» Exercise description:
Give the listing back in full, exactly as written, with the pictures removed.

» Dataset content:

━━━━━━━━━━━━━━━━━━━━━━━━━━━━━━

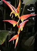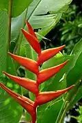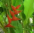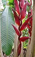 Heliconia is a genus of flowering plants in the monotypic family Heliconiaceae. Most of the 194 known species[3] are native to the tropical Americas, but a few are indigenous to certain islands of the western Pacific and Maluku in Indonesia.[2] Many species of Heliconia are found in the tropical forests of these regions. Most species are listed as either vulnerable or data deficient by the IUCN Red List of threatened species.[4] Several species are widely cultivated as ornamentals, and a few are naturalized in Florida, Gambia, and Thailand.[2]
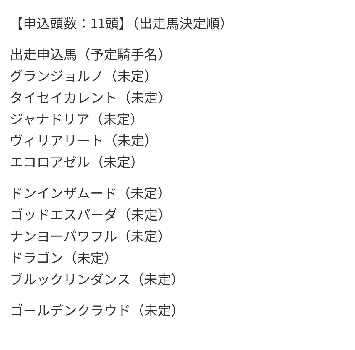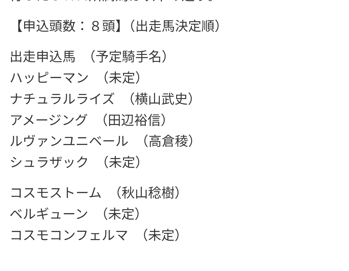 制度が知れ渡ってなかった去年が少なかっただけで今年はほぼフルゲートだぞ羽田盃
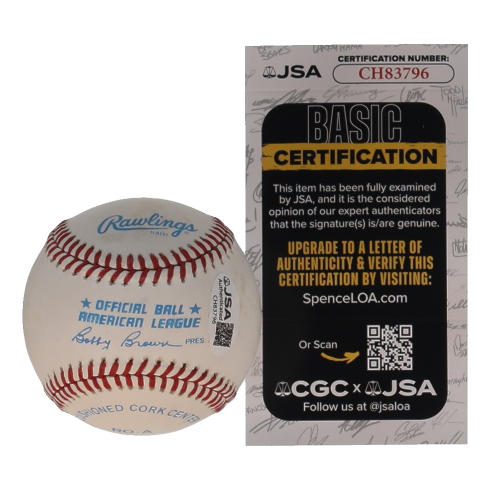 Rawlings Official American League Baseball. Hand-signed by Reggie Jackson (Oakland Athletics, HOF). Please note, the baseball is naturally toning and stained.
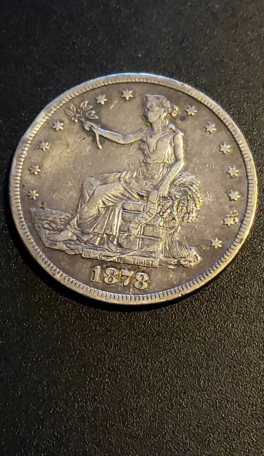 One 1878-S $1 Trade Dollar Coin.

━━━━━━━━━━━━━━━━━━━━━━━━━━━━━━

» Answer box:
 Heliconia is a genus of flowering plants in the monotypic family Heliconiaceae. Most of the 194 known species[3] are native to the tropical Americas, but a few are indigenous to certain islands of the western Pacific and Maluku in Indonesia.[2] Many species of Heliconia are found in the tropical forests of these regions. Most species are listed as either vulnerable or data deficient by the IUCN Red List of threatened species.[4] Several species are widely cultivated as ornamentals, and a few are naturalized in Florida, Gambia, and Thailand.[2]
 制度が知れ渡ってなかった去年が少なかっただけで今年はほぼフルゲートだぞ羽田盃
 Rawlings Official American League Baseball. Hand-signed by Reggie Jackson (Oakland Athletics, HOF). Please note, the baseball is naturally toning and stained.
 One 1878-S $1 Trade Dollar Coin.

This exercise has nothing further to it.